These and other advantages, aspects and novel features of the present disclosure, as well as details of an illustrated embodiment thereof, will be more fully understood from the following description and drawings.

BRIEF DESCRIPTION OF SEVERAL VIEWS OF THE DRAWINGS

FIG. 1 is a block diagram of an exemplary ultrasound system that is operable for identifying features in ultrasound image data using a machine learning model, in accordance with various embodiments.

FIG. 2 is an exemplary spatial B-mode image and a region of interest (or ROI) therein.

FIG. 3A shows spatial B-mode image data in a region of interest.

FIGS. 3B-3D show transformations of spatial B-mode image data into different domains, in accordance with various embodiments.

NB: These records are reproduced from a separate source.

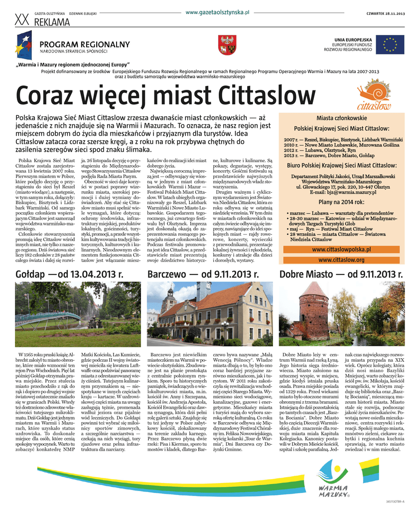XX REKLAMA GAZETA OLSZTYŃSKA DZIENNIK ELBLĄSKI www.gazetaolsztynska.pl CZWARTEK 28.11.2013 „Warmia i Mazury regionem zjednoczonej Europy” Projekt dofinansowany ze środków Europejskiego Funduszu Rozwoju Regionalnego w ramach Regionalnego Programu Operacyjnego Warmia i Mazury na lata 2007-2013 oraz z budżetu samorządu województwa warmińsko-mazurskiego Coraz więcej miast Cittaslow Polska Krajowa Sieć Miast Cittaslow zrzesza dwanaście miast członkowskich — aż jedenaście z nich znajduje się na Warmii i Mazurach. To oznacza, że nasz region jest miejscem dobrym do życia dla mieszkańców i przyjaznym dla turystów. Idea Cittaslow zatacza coraz szersze kręgi, a z roku na rok przybywa chętnych do zasilenia szeregów sieci spod znaku ślimaka. Polska Krajowa Sieć Miast Cittaslow została zarejestrowana 13 kwietnia 2007 roku. Pierwszym miastem w Polsce, które podjęło decyzję o przystąpieniu do sieci był Reszel (miasto wiodące), a następnie, w tym samym roku, dołączyły: Biskupiec, Bisztynek i Lidzbark Warmiński. Od samego początku członkiem wspierającym Cittaslow jest samorząd województwa warmińsko-mazurskiego. Członkowie stowarzyszenia promują ideę Cittaslow wśród innych miast, nie tylko z naszego regionu. Dziś światowa sieć liczy 182 członków z 28 państw całego świata i dalej się rozwi- ja. 26 listopada decyzję o przystąpieniu do Międzynarodowego Stowarzyszenia Cittaslow podjęła Rada Miasta Pasym. Obecność w sieci daje korzyści w postaci poprawy wizerunku miasta, szerokiej promocji i dużej wymiany doświadczeń. Aby stać się Cittaslow miasto musi spełnić wiele wymagań, które dotyczą: ochrony środowiska, infrastruktury miejskiej, produktów lokalnych, gościnności, turystyki, promocji, a przede wszystkim kultywowania tradycji historycznych, kulturowych i kulinarnych. Nieodzownym elementem funkcjonowania Cittaslow jest włączanie miesz- Gołdap —od 13.04.2013 r. W 1565 roku pruski książę Albrecht założył tu miasto obronne, które miało wzmocnić ten rejon Prus Wschodnich. Pięć lat później Gołdap otrzymała prawa miejskie. Przez stulecia miasto przechodziło z rąk do rąk i dopiero po drugiej wojnie światowej ostatecznie znalazło się w granicach Polski. Wtedy też dostrzeżono zdrowotne właściwości tutejszego mikroklimatu. Dziś Gołdap jest jedynym miastem na Warmii i Mazurach, które uzyskało status uzdrowiska. To doskonałe miejsce dla osób, które cenią spokojny wypoczynek. Warto tu zobaczyć konkatedrę NMP Matki Kościoła, Las Kumiecie, gdzie podczas II wojny światowej mieściła się kwatera Luftwaffe oraz podziwiać panoramę miasta z odrestaurowanej wieży ciśnień. Tutejszym kulinarnym przysmakiem są — niespotykane w innych częściach kraju — kartacze. W uzdrowiskowej części miasta na uwagę zasługują tężnie, promenada wzdłuż jeziora oraz pijalnie wód leczniczych. Do Gołdapi powinni też wybrać się miłośnicy sportów zimowych, a szczególnie narciarstwa — czekają na nich wyciągi, tory zjazdowe oraz pełna infrastruktura dla narciarzy. kańców do realizacji idei miast dobrego życia. Największą coroczną imprezą jest — odbywający się wiosną w jednym z miast członkowskich Warmii i Mazur — Festiwal Polskich Miast Cittaslow. W latach ubiegłych organizowały go Reszel, Lidzbark Warmiński i Nowe Miasto Lubawskie. Gospodarzem tegorocznego, już czwartego festiwalu był Olsztynek. Impreza jest doskonałą okazją do zaprezentowania rosnącego potencjału miast członkowskich. Podczas festiwalu promowana jest idea Cittaslow, a przedstawiciele miast prezentują swoje dziedzictwo historycz- ne, kulturowe i kulinarne. Są pokazy, degustacje, występy, koncerty. Gośćmi festiwalu są przedstawiciele najwyższych międzynarodowych władz stowarzyszenia. Drugim ważnym i cyklicznym wydarzeniem jest Światowa Niedziela Cittaslow, która co roku odbywa się w ostatnią niedzielę września. W tym dniu w miastach członkowskich na całym świecie odbywają się imprezy, nawiązujące do idei spokojnych miast — rajdy rowerowe, koncerty, wycieczki z przewodnikami, prezentacje lokalnej żywności i rękodzieła, konkursy i atrakcje dla dzieci i dorosłych, wystawy. Barczewo — od 9.11.2013 r. Barczewo jest niewielkim miasteczkiem na Warmii w powiecie olsztyńskim. Zbudowane jest na planie prostokąta z centralnie położonym rynkiem. Sporo tu historycznych pamiątek, świadczących o wielokulturowości miasta, m.in. kościół św. Anny i Szczepana, kościół św. Andrzeja Apostoła, Kościół Ewangelicki oraz dawna synagoga, która dziś pełni rolę galerii sztuki. Znajduje się tu też jedyny w Polsce zabytkowy kościół, zlokalizowany na terenie zakładu karnego. Przez Barczewo płyną dwie rzeki: Pisa i Kiermas, sporo tu mostów i kładek, dlatego Bar- czewo bywa nazywane „Małą Wenecją Północy“. Władze miasta dbają o to, by było ono coraz bardziej przyjazne zarówno mieszkańcom, jak i turystom. W 2011 roku zakończyła się rewitalizacja wschodniej części Starego Miasta. Wymieniono sieci wodociągowe, kanalizacyjne, gazowe i energetyczne. Mieszkańcy miasta i turyści mają do wyboru szeroką ofertę kulturalną. Co roku w Barczewie odbywa się Międzynarodowy Festiwal Chóralny im. Feliksa Nowowiejskiego, wyścig kolarski „Tour de Warmia“, Dni Barczewa czy Dożynki Gminne. Miasta członkowskie Polskiej Krajowej Sieci Miast Cittaslow: 2007 r. — Reszel, Biskupiec, Bisztynek, Lidzbark Warmiński 2010 r. — Nowe Miasto Lubawskie, Murowana Goślina 2012 r. — Lubawa, Olsztynek, Ryn 2013 r. — Barczewo, Dobre Miasto, Gołdap Biuro Polskiej Krajowej Sieci Miast Cittaslow: Departament Polityki Jakości, Urząd Marszałkowski Województwa Warmińsko-Mazurskiego ul. Głowackiego 17, pok. 220, 10-447 Olsztyn E-mail: [email protected] Plany na 2014 rok: • marzec — Lubawa — warsztaty dla pretendentów • 28-30 marzec — Katowice — udział
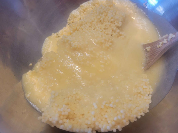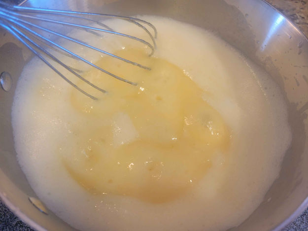 2. In a sauce pan combine the Sugar, Pineapple Juice, Lemon Juice, Egg, and the Salt. Stir it until it is smooth, then whisk in the Flour. Cook I on a medium heat until it has thickened into a sauce consistency. Then add the Butter and stir it in.
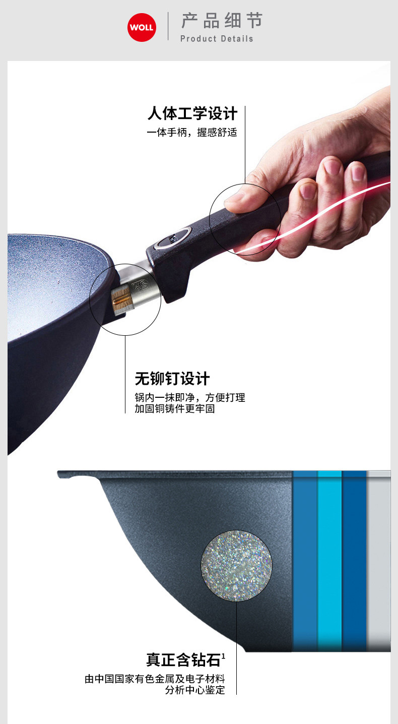 WOLL немецкий импортный вок с антипригарным покрытием серии Diamond, большой диаметр 32 см, немецкий вок с антипригарным покрытием
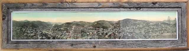 in antique barn wood frame, colored showing birds eye view of Main Street and surrounding area.
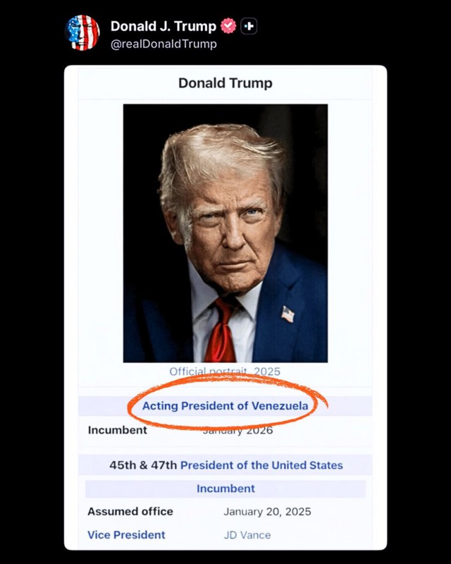 အမေရိကန်သမ္မတ ဒေါ်နယ်ထရမ့်သည် ဗင်နီဇွဲလားသမ္မတ နီကိုးလပ်စ် မာဒူရိုအား ဖမ်းဆီးခဲ့သည့် စစ်ဆင်ရေးအပြီး ရက်အနည်းငယ်အကြာ တနင်္ဂနွေနေ့ (ဇန်နဝါရီ ၁၁ ရက်) တွင် ၎င်းကိုယ်ကိုယ် "ဗင်နီဇွဲလားနိုင်ငံ၏ ယာယီသမ္မတ" အဖြစ် သရုပ်ဖော်ထားသည့် ဓာတ်ပုံတစ်ပုံကို လူမှုကွန်ရက်တွင် တင်ခဲ့သည်။
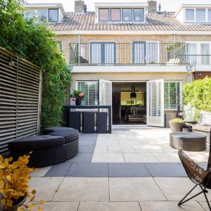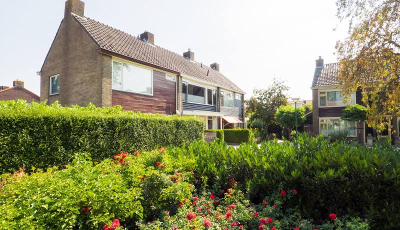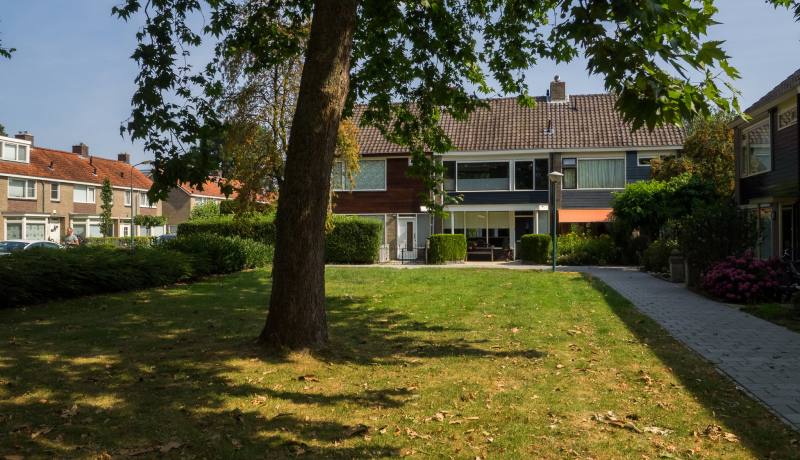 Voortuin, entree woning, hal, trapkast onder de trap, modern zwevend toilet. Uitgebouwde woonkamer met openslaande deuren naar de zonnige en diepe tuin van ca. 9,3 x 5,7 meter. De tuin beschikt over een vrijstaande stenen berging, een overkapte lounge-hoek naast de berging én een achterom.
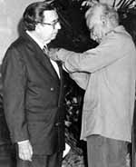Fue el Comandante de la Revolución Juan Almeida Bosque, Héroe de la República de Cuba, miembro del Buró Político del Partido y presidente de la Asociación de Combatientes de la Revolución Cubana, el encargado de colocar la orden al homenajeado, quien calificó el hecho, en ocasión de su 75 cumpleaños, como uno de los instantes más felices de su vida y la mayor honra a que pudiera aspirar.
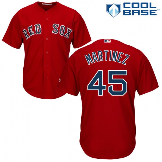 Home>MLB>Boston Red Sox>Pedro Martinez>Men's Majestic Boston Red Sox #45 Pedro Martinez Replica Red Alternate Home Cool Base MLB Jersey
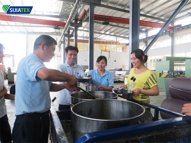 由于訂單正處于緊張的生產(chǎn)階段,一線員工任務(wù)量不言而喻,生產(chǎn)車間內(nèi)一派熱火朝天、緊張忙碌的場(chǎng)景。公司職工食堂每天定時(shí)熬制綠豆湯,加入白糖,放涼后倒入保溫桶內(nèi),并送到生產(chǎn)車間。隨著桶裝的綠豆湯分別送至每個(gè)車間,生產(chǎn)一線的員工們陸續(xù)拿著自己的杯子接過綠豆湯,并歡快地飲用起來。

FIG. 4 shows a block diagram of training or using a machine learning model to that processes spatial B-mode image data and at least one other transformed data, in accordance with various embodiments.

FIG. 5 is a flow chart illustrating exemplary steps that may be utilized for training a machine learning model to identify one or more types of features in spatial B-mode images, in accordance with various embodiments.

FIG. 6 is a flow chart illustrating exemplary steps that may be utilized for using a machine learning model to identify one or more types of features in spatial B-mode images, in accordance with various embodiments.

FIG. 7 shows a representation of a machine learning model to identify one or more types of features in spatial B-mode images, in accordance with various embodiments.

DETAILED DESCRIPTION

Certain embodiments may be found in a method and system for identifying one or more features in spatial B-mode image data or other image data obtained by an ultrasound system. Such identification of feature(s) uses a trained machine learning model. Such a machine learning model (or more simply, model) may receive spatial B-mode image data and one or more transformed data as inputs. When training the model, the same type of data may be inputted to the model-spatial B-mode image data and one or more transformed data.

Aspects of the present disclosure have the technical effect of enhancing identification of features in ultrasound images using machine learning in order to help provide a diagnosis. Various embodiments have the technical effect of processing acquired ultrasound image data to identify features using machine learning. Certain embodiments have the technical effect of determining the probability of the existence of certain feature(s) in the ultrasound image data. Aspects of the present disclosure have the technical effect of improving identification of one or more features in ultrasound images. Aspects of the present disclosure have the technical effect of using transformed data to identify feature(s) in ultrasound images.

The foregoing summary, as well as the following detailed description of certain embodiments will be better understood when read in conjunction with the appended drawings. To the extent that the figures illustrate diagrams of the functional blocks of various embodiments, the functional blocks are not necessarily indicative of the division between hardware circuitry. Thus, for example, one or more of the functional blocks (e.g., processors or memories) may be implemented in a single piece of hardware (e.g., a general-purpose signal processor or a block of random access memory, hard disk, or the like) or multiple pieces of hardware. Similarly, the programs may be standalone programs, may be incorporated as subroutines in an operating system, may be functions in an installed software package, and the like. It should be understood that the various embodiments are not limited to the arrangements and instrumentality shown in the drawings. It should also be understood that the embodiments may be combined, or that other embodiments may be utilized, and that structural, logical, and electrical changes may be made without departing from the scope of the various embodiments. The following detailed description is, therefore, not to be taken in a limiting sense, and the scope of the present disclosure is defined by the appended claims and their equivalents.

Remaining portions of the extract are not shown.